The best interests of an organization are served by people who are multi-skilled. These people fill in for people who are away temporarily or overloaded. So while it enhances your power to be a specialist, the sole provider of a niche skill or technology, it's in your organization's interest to have others who are able to do your job, to at least an 80 percent competency level. If you're asked to train someone to do your job, here's how you should go about doing so:
Before the training, meet with your fellow employee to establish:
Her level of enthusiasm for the task at hand.
How much she knows about the task. Ask:
Has she ever done this before?
Has she done something similar?
What similar knowledge and skills she possess.
Any barriers that will inhibit her learning, such as language or dexterity.

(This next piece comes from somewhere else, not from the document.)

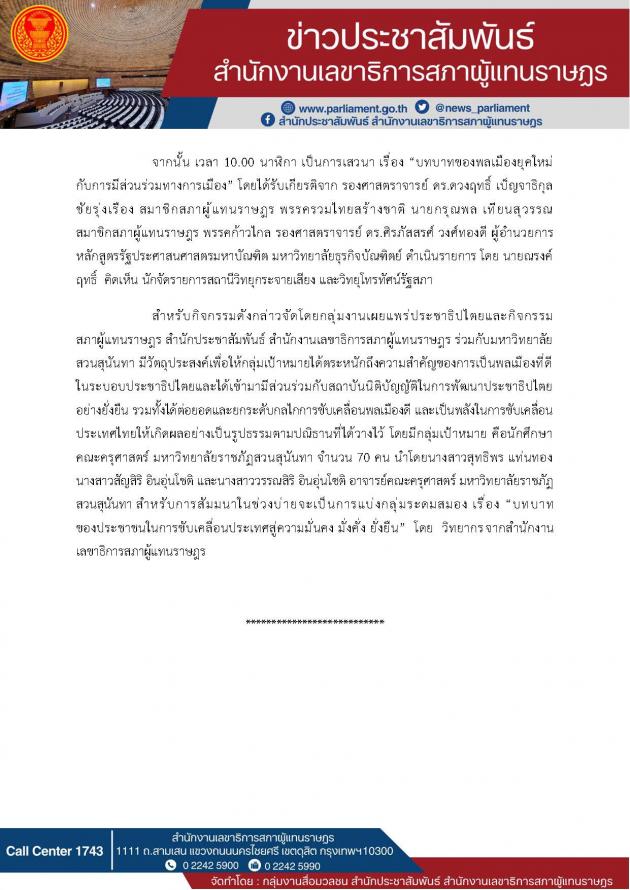 รองประธานสภาผู้แทนราษฎร คนที่หนึ่ง เป็นประธานในพิธีเปิดกิจกรรมเสริมสร้างความเป็นพลเมืองในระบอบประชาธิปไตย และบรรยายพิเศษ เรื่อง “บทบาทอำนาจ หน้าที่ของรัฐสภา ในการเสริมสร้างความเป็นพลเมืองตามรัฐธรรมนูญแห่งราชอาณาจักรไทย”
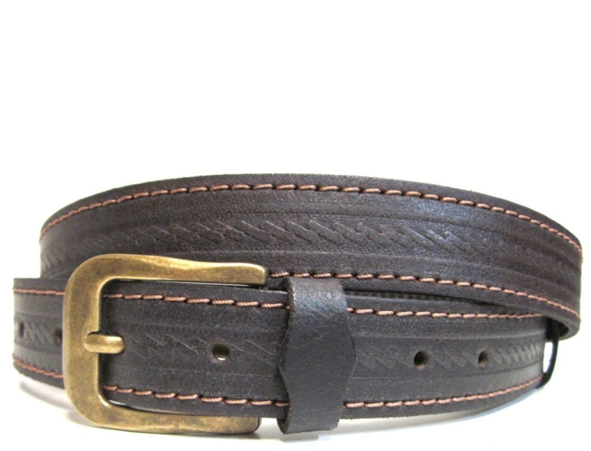 - úzky tmavohnedý opasok z hovädzej kože s potlačeným vzorom, staromosadznou prackou určený do elegantných nohavíc

Try to establish how she likes to learn. Is she:
Auditory? These people learn best by listening.
Visual? These people learn best by seeing a demonstration.
Kinesthetic? These people like to learn something by doing it.
While a person may have a favourite style of learning — one you should focus on — it is best to cover all three for maximum impact.
Document the process as you know it. If it is complex, break it down into "bite-sized" pieces. Whenever possible, provide diagrams and drawings; after all, a picture is worth a thousand words.
Document the standards of performance so that the trainee will know what constitutes an acceptable performance.
Set a date, place, and time for the training. Plan to do it near the time when he will need to use his new skills.
Meet with the trainee for the transfer of information. Make her feel comfortable by
assuring her that you will work at her pace;
letting her know that you are confident of her ability;
encouraging her to ask as many questions as she needs to.
Confirm the purpose of the training. Let the trainee know how many sessions you will have and what help he can expect from you.
Explain how the task fits into the overall process of the particular product or service being provided.
Demonstrate the task. If it is large and complex, break the task down and demonstrate one part at a time.
Monitor the reaction of the trainee. What is her body language telling you? Is she smiling, acknowledging understanding, and showing interest? Respond to any negativity by identifying and dealing with the issue.
Let the trainee try the task. Stand back and observe. Be careful not to intervene too quickly if he makes a mistake; wait a little while to see if he will correct himself.
Observe her body language. Saying that she understands may be true or it may be a polite way of not wanting to admit a lack of understanding. You will generally know that she understands if
her eyes are focused;
she is nodding;
she shows some impatience to try it herself;
she is paraphrasing your explanation.
Ask him if he can do it. If so, let him try. If not, show him again.
Give praise at any sign of progress. The greater the progress, the bigger your praise should be.
With each step mastered, go on to the next step until the process is complete.
Finish the training with a symbolic celebration. Congratulate the learner. Assure him of your support. Invite him to call on you if he encounters any difficulties in the future.